Montenegro is not the EU poster child it claims to be

DISCLAIMER: All opinions in this column reflect the views of the author(s), not of EURACTIV Media network.


The European Commission’s latest progress report on enlargement shows growing frustration at Montenegro’s sclerotic progress and what can only be interpreted as window-dressing to receive a good scorecard, writes Dr Matthias Menke.

Dr Matthias Menke is an attorney at Graf von Westphalen in Frankfurt. He acts as an external counsel to the Central European Aluminium Company (CEAC), a Cyprus-based company which aims to become an integrated aluminum producer for Central and Eastern Europe.

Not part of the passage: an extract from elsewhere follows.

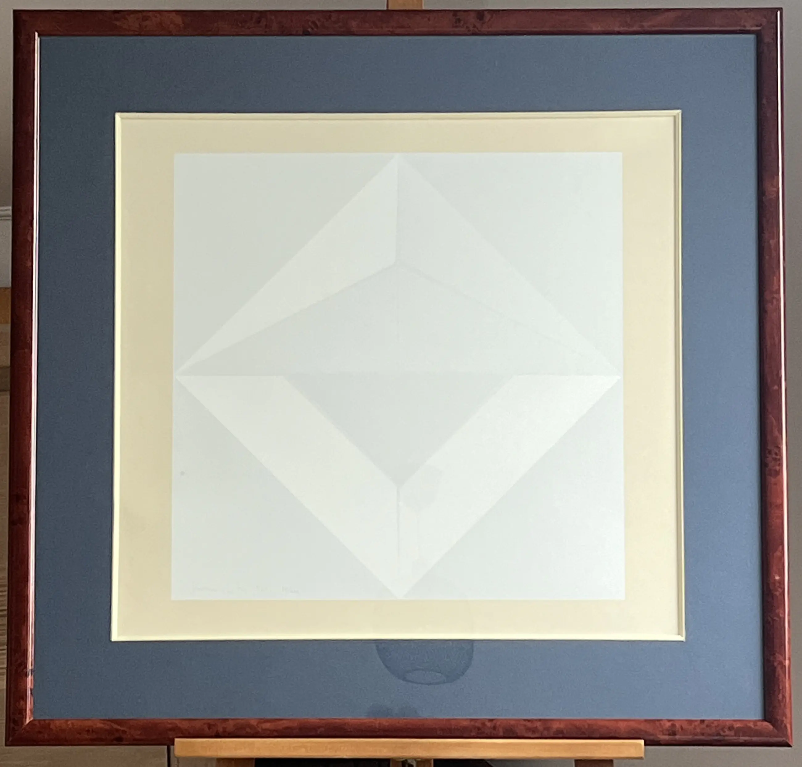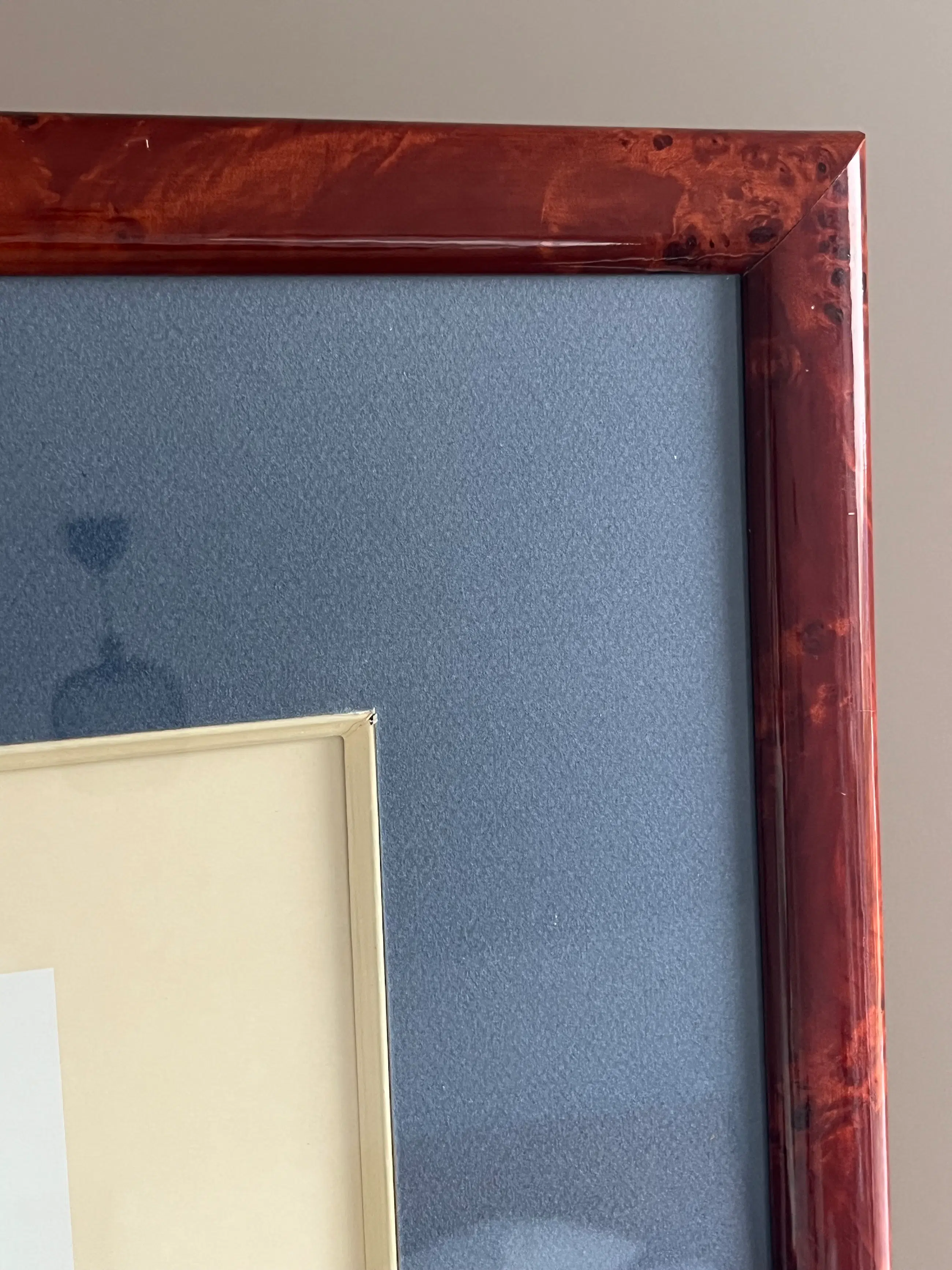 Zeldzaam en decoratief werk Degelijk passe-partout in harmonie met houten kader in prachtig wortelhout. Werk zit achter glas.
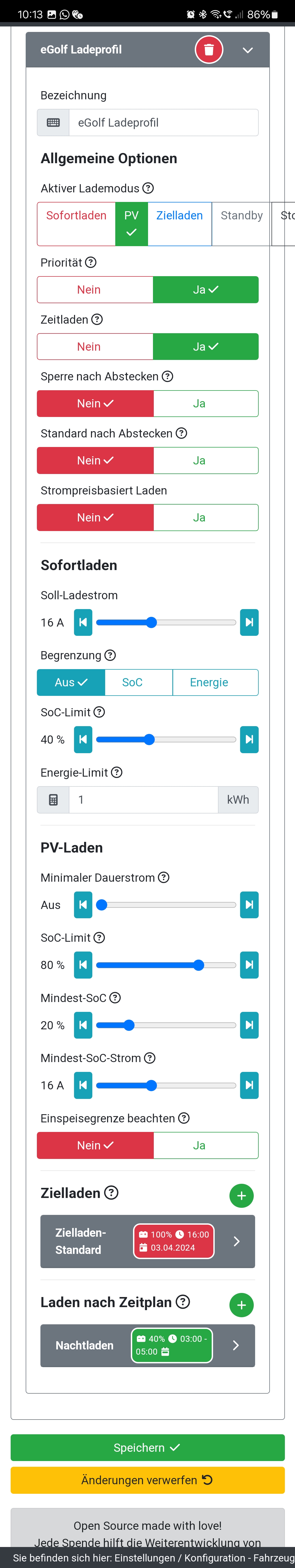 Mein Standard Ladeprofil: PV Laden mit entsprechenden Ziel-/Grenzwerten und Nachts Zeitladen (ehemals Nachtladen) zwischen 3 und 5 Uhr auf mind. 40%

This week’s enlargement progress report from the European Commission marked a new departure in the EU’s attitude towards Montenegrin accession.

For the first time, there has been explicit recognition from most senior diplomatic circles that Montenegro is not the poster child of European enlargement it has claimed to be.

In reaction to the progress report on Montenegro, Enlargement and Neighbourhood Policy Commissioner Stefan Füle himself said that “the degree to which […] rule of law related reforms produce results will determine the overall pace of the accession negotiations. If no tangible progress is made, negotiations would have to slow down”.

This is pretty strong language from the European Commissioner – the strongest we’ve seen in relation to Montenegro’s EU accession in a long time – and for the first time opening the prospect of putting the brake on Montenegrin accession.

It seems clear that there is growing frustration within the EU at Montenegro’s sclerotic progress and what quite frankly can only be interpreted as window-dressing: doing the very minimum possible at the last minute in order to receive a good scorecard. We had further proof of this only on Tuesday, when after more than a year of procrastination, the government finally appointed a Superior State Prosecutor, just one day before the publication of the Progress Report.

European diplomats see through such tactics and are rightly increasingly impatient with the Montenegrin government’s antics. Media reports that Prime Minister Milo Djukanovi? has been running the country “as though it were a family business” is extremely worrying – so much so that the safeguard clause freezing accession negotiations was very nearly invoked.

Commissioner Füle also raises concerns over Montenegro’s judicial system, saying that “citizens deserve to be able to rely on the swift, efficient and impartial administration of justice” – the clear implication being that they currently cannot.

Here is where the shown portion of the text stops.